Every line from the start of the records through the line with "AIOps可以从算法、数据、" is to be written out exactly; pictures are not.

Dataset records:
━━━━━━━━━━━━━━━━━━━━

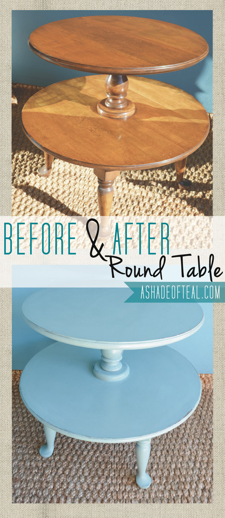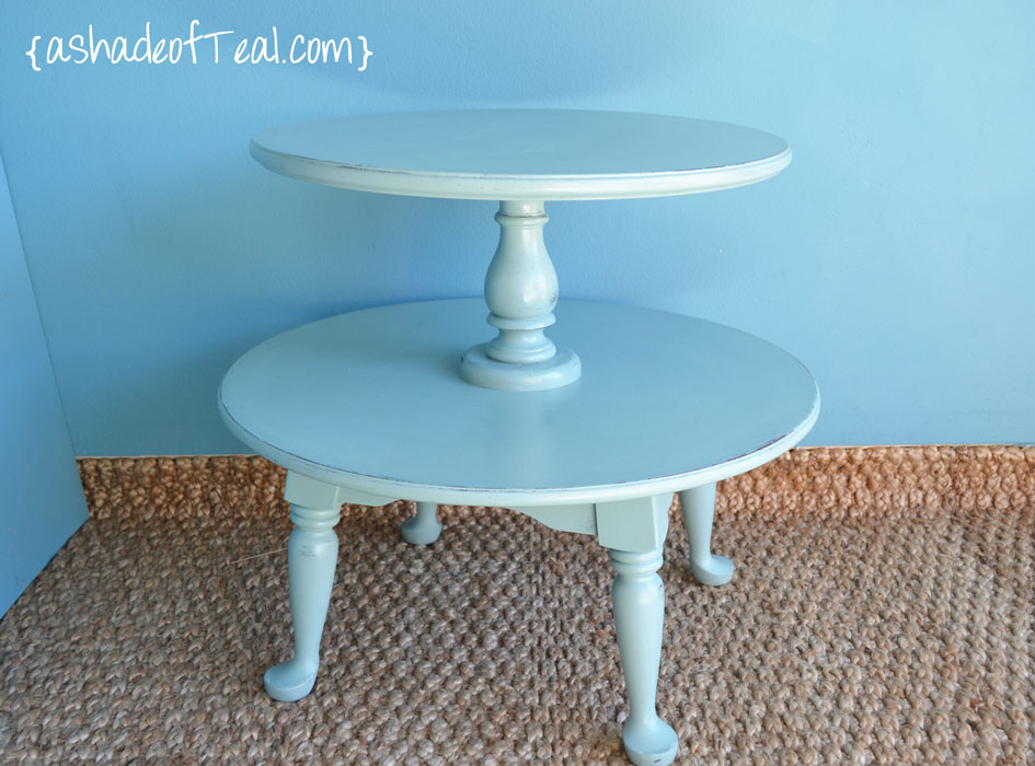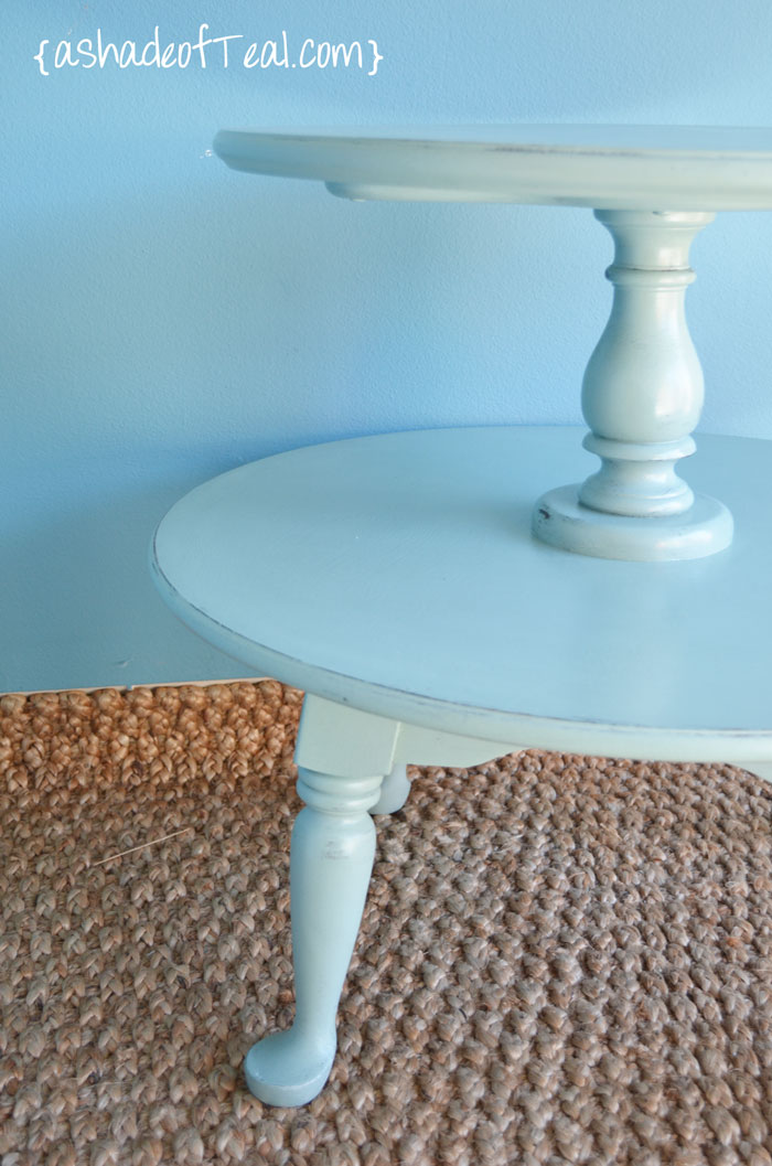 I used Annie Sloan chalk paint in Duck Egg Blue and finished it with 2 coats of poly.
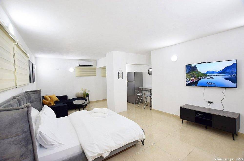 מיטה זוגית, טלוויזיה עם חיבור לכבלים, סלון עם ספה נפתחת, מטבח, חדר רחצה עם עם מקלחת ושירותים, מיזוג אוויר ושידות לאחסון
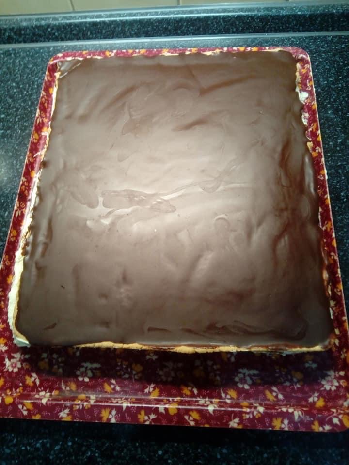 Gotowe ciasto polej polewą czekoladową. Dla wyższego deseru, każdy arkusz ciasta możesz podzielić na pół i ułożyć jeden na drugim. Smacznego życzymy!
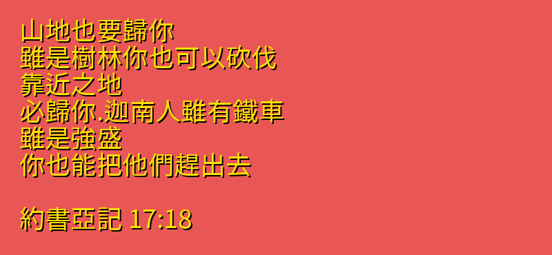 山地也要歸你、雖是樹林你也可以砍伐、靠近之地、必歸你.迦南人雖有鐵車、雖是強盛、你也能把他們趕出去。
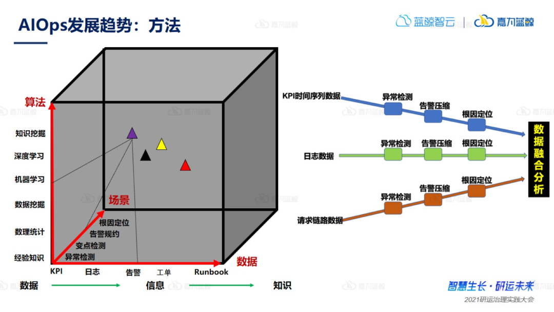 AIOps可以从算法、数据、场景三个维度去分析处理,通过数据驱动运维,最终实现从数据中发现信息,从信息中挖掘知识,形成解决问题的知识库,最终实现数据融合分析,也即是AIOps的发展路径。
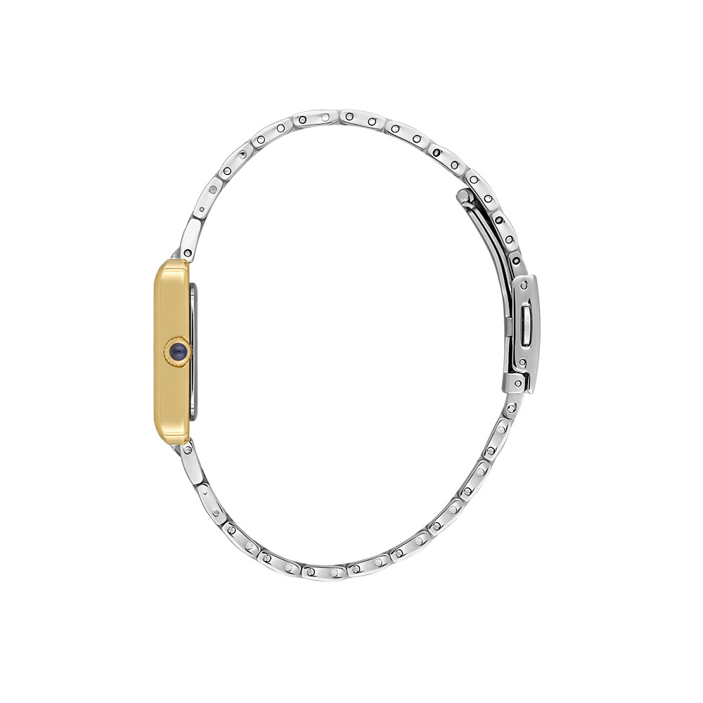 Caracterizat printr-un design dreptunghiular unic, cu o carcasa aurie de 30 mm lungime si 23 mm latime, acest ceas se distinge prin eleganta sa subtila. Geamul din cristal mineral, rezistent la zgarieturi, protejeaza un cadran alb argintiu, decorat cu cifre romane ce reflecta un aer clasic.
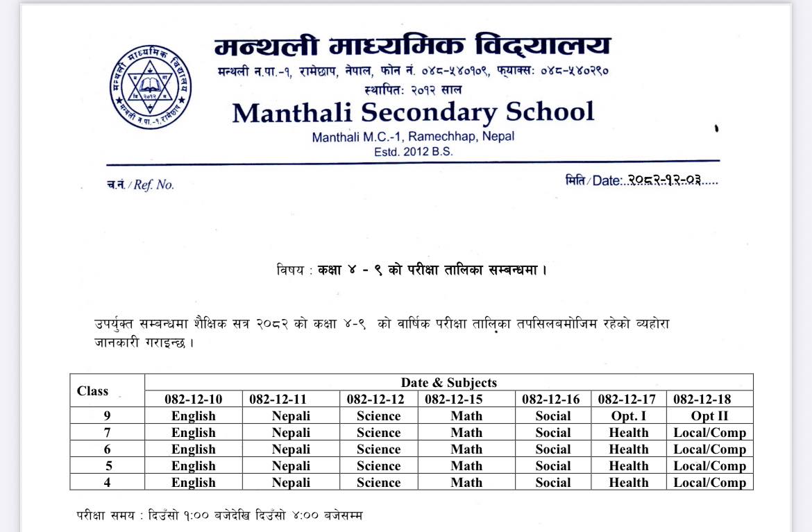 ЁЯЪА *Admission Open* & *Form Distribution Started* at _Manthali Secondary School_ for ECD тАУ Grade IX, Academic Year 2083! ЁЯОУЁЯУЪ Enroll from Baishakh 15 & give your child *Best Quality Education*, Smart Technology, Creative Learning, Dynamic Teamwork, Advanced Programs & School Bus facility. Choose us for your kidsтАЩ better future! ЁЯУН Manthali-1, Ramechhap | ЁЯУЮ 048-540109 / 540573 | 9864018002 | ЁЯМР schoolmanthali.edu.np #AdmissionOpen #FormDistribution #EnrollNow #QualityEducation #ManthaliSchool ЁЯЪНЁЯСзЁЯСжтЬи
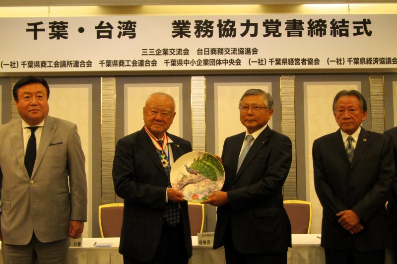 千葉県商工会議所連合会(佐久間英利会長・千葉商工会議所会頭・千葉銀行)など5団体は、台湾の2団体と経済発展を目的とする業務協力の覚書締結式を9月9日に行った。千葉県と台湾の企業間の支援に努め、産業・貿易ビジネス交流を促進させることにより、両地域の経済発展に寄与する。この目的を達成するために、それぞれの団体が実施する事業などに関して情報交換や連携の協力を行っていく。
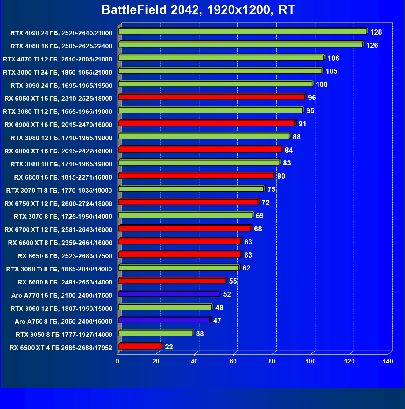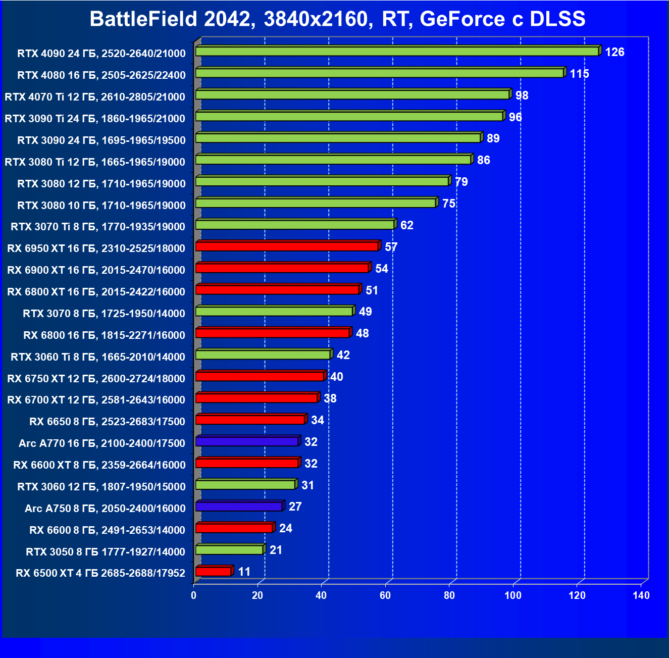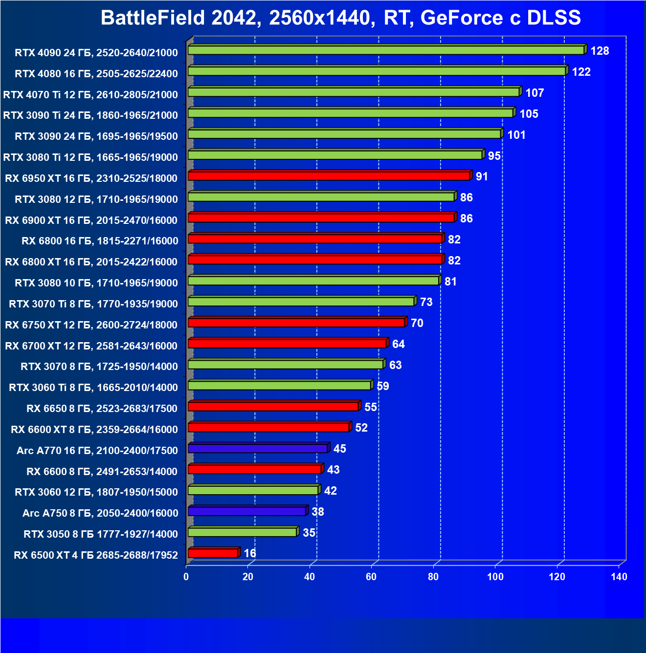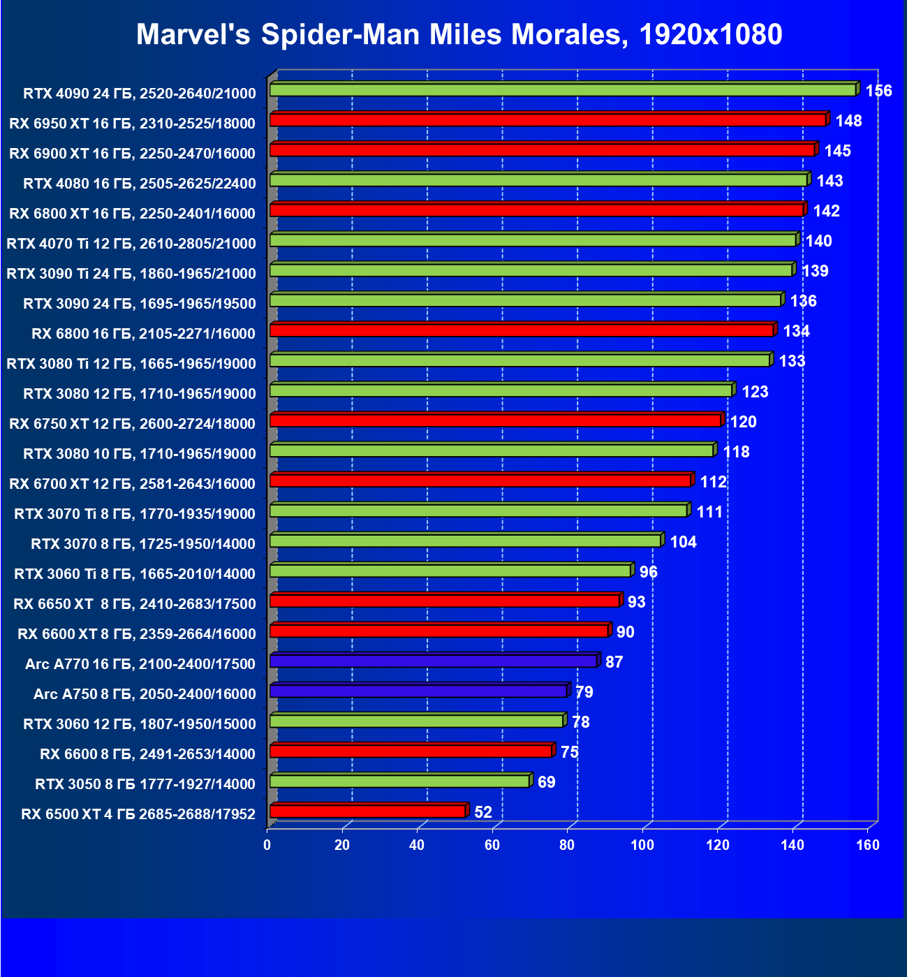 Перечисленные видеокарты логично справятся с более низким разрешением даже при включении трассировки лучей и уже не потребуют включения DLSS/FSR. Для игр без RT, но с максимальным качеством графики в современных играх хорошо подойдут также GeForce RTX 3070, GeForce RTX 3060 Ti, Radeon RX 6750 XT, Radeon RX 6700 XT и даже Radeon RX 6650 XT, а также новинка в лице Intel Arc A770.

━━━━━━━━━━━━━━━━━━━━

--- YOUR SOLUTION ---
 I used Annie Sloan chalk paint in Duck Egg Blue and finished it with 2 coats of poly.
 מיטה זוגית, טלוויזיה עם חיבור לכבלים, סלון עם ספה נפתחת, מטבח, חדר רחצה עם עם מקלחת ושירותים, מיזוג אוויר ושידות לאחסון
 Gotowe ciasto polej polewą czekoladową. Dla wyższego deseru, każdy arkusz ciasta możesz podzielić na pół i ułożyć jeden na drugim. Smacznego życzymy!
 山地也要歸你、雖是樹林你也可以砍伐、靠近之地、必歸你.迦南人雖有鐵車、雖是強盛、你也能把他們趕出去。
 AIOps可以从算法、数据、场景三个维度去分析处理,通过数据驱动运维,最终实现从数据中发现信息,从信息中挖掘知识,形成解决问题的知识库,最终实现数据融合分析,也即是AIOps的发展路径。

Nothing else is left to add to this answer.